La caja torácica es una desproporcionada protuberancia a duras penas recubierta por aquel hollejo que transparenta el costillar. Silueta en tránsito, ahora inmóvil, ya no se expande ni se contrae afanosa. Acababan de hacerle la última reanimación cardíaca con electroshock, con infructuosos resultados. Horas antes han consignado un parte desalentador. El cuadro clínico es muy complicado: deficiencia respiratoria, pulmonía, hipotermia y daños severos en el hígado y los riñones; no tiene ni diez por ciento de lo que le correspondería de masa muscular; tampoco tiene defensas, las plaquetas están muy bajas. La autopsia, que le harán allí mismo, revela que agravó el ya crítico diagnóstico un choque séptico. Compromete su vida un paro cardíaco.

No, nunca se quejó, él asumió su papel como si sus carnes no le pertenecieran, pero no es difícil imaginar su dolor, dolor profundo en su alma y en su cuerpo cada vez más frágil. Como cuando traían el aparato de rayos equis y, sin alzarlo ni un poco siquiera, le deslizaban aquellas tablillas por debajo de la espalda. Tenía que ser para él un padecimiento, se le humedecían los ojos. Estaba cundido de escaras y el estrujón le arrancaba las costras. Sangraba.
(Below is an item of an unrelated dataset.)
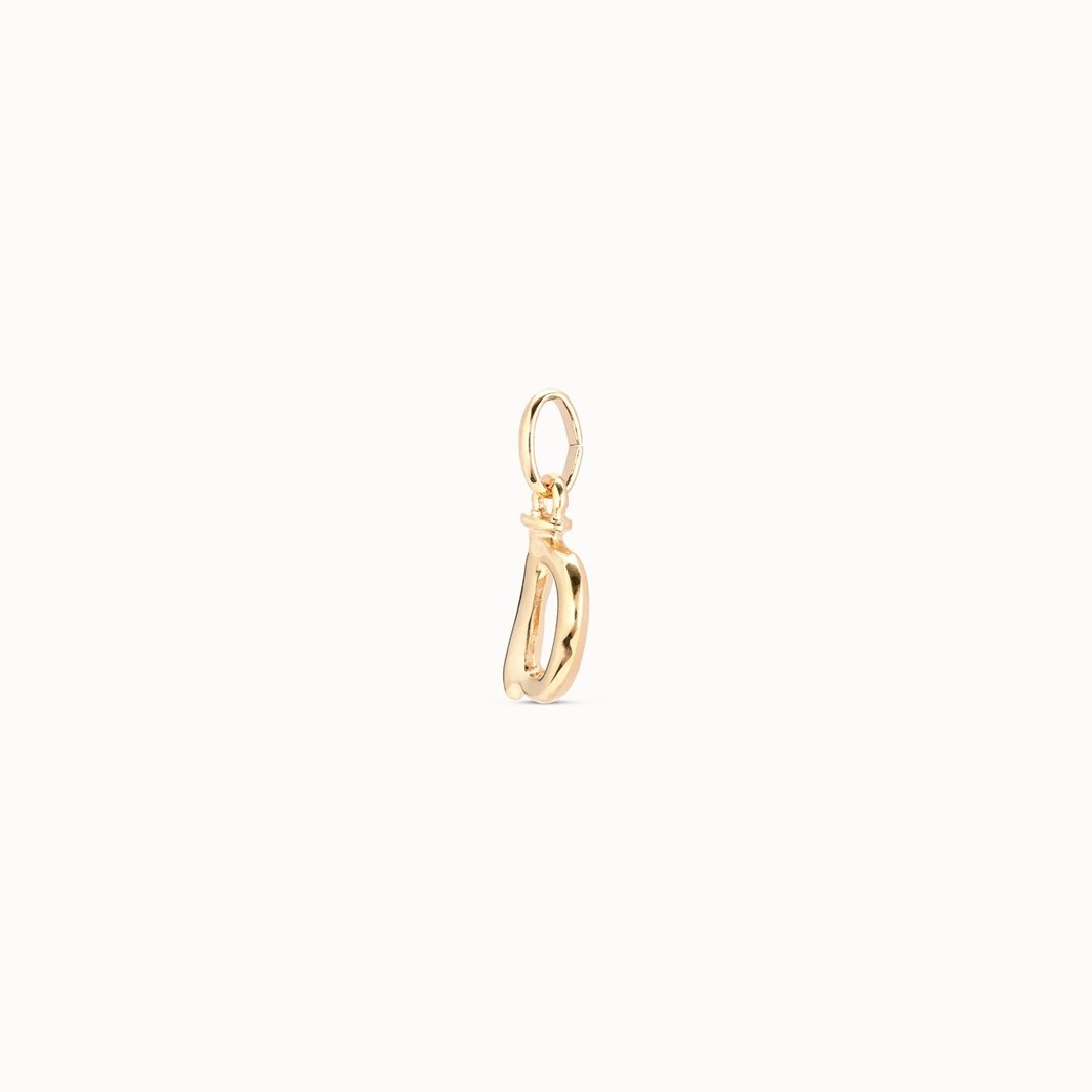 UNO de 50 Bedeltje | Letter D | Small is een vergulde hanger geïnspireerd op de iconische spijker van UNOde50 in de vorm van de letter D. Je kunt deze bedel (ca 2,5 cm) dragen aan een ketting of armband. Leuk cadeautje!

Cuerpo lacerado y humillado, cuerpo descarnado que yace como el de un Cristo, cuerpo ofrendado gramo a gramo, y que se extingue de mengua tras el extenuante rosario de inmolaciones, se convierte en una síntesis elocuente del trance vivido.

Le cerré los ojos.

Cuerpo seco y desolado que por fuerza sucumbe, se transforma, paradójicamente, en la más palmaria expresión de su indoblegable voluntad.
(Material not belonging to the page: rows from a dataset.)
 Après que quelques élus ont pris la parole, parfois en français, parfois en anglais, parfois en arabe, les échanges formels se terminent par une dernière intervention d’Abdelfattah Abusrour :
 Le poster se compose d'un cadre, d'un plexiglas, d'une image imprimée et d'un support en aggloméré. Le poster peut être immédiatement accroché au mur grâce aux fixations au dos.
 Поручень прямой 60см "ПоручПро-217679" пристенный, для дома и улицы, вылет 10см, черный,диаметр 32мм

Pero la más desesperada era Ángela.

Cuerpo que es un lacónico rictus, cuerpo afilado y punta de lanza, cuerpo marchito picoteado de agujas y extraviado bajo la madeja de tubos, se transfigura de inmediato en imagen inmortal.

Rezamos.

Cuerpo deshecho como daño colateral, nunca por su propio propósito, y que jamás agredió a ningún otro, se transmuta en símbolo de libertad.
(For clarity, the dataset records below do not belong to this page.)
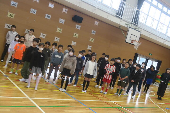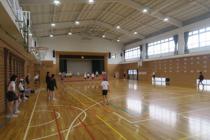 体育館で本番通りに練習をしていました。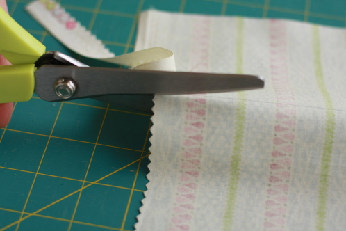 While the chocolate is cooling, I cut the fabric with my pinking scissors. I cut a 7 inch square for a wide mouth canning jar. It could be a little bigger, but I’m always trying to waste not. 7 inches is enough.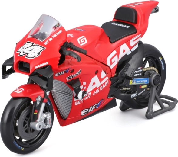 Verna kaputaža, številka 44 in ekipne nalepke GASGAS Factory Racing Tech3 dajejo modelu realističen videz kot na dirkalni stezi.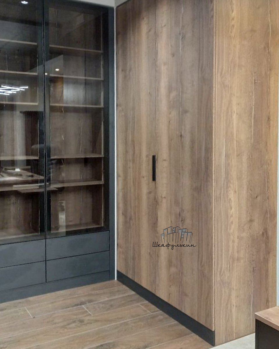 Двери-купе: MODUS MS 163, декор: Черный браш A25 / вставка: ЛДСП H3176 08 мм Дуб Галифакс олово ST37 треки: Черный браш A25 / нижний трек: Черный браш A25.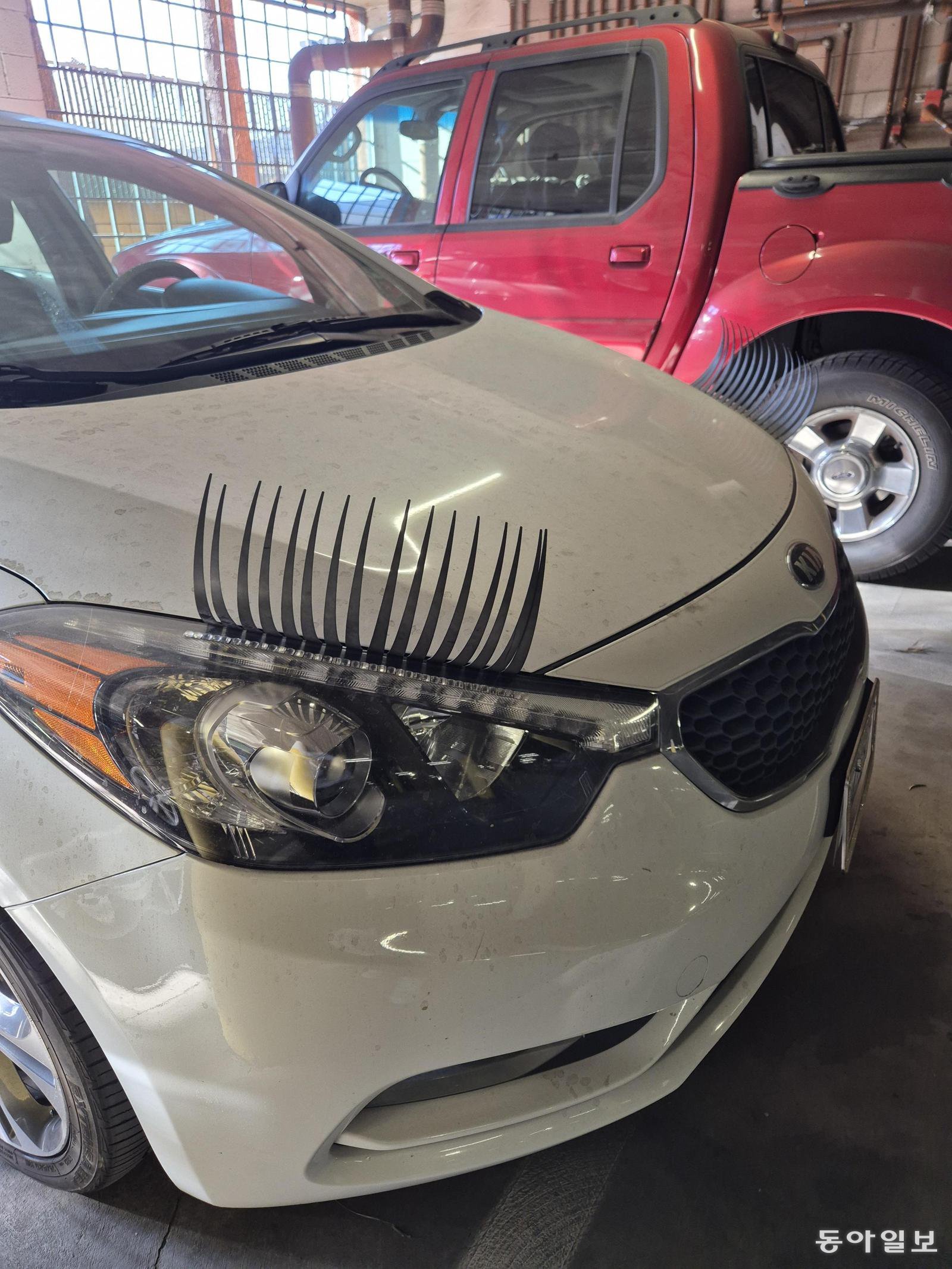 자동차 헤드라이트 위로 풍성한 속눈썹이 붙어 있습니다. 특별히 단장한 모습을 보니 중요한 약속이라도 있는 듯합니다. 오늘은 도시의 주인공 같네요.

En cuerpo insignia y marca de la batalla: la que libró sin bajar nunca la cerviz.

En cuerpo libelo y prueba fehaciente.

En cuerpo del delito ajeno.

En cuerpo barómetro de la debilidad de los organismos otros.

En cuerpo espejo de la indolencia.

En cuerpo vitrina del desdén padecido.

En cuerpo pancarta y cuerpo grito, que aunque inmóvil, se transforma en estruendoso ¡ay! al cielo.

Y el más esperanzado, él. Estaba seguro de que el gobierno, en algún momento, por fin, procedería con justicia. La víspera, cuando todavía estaba consciente, me tomó la mano y me dijo: Ten fe, Elena, volveremos a Iguaraya, tú verás, no me dejarán morir.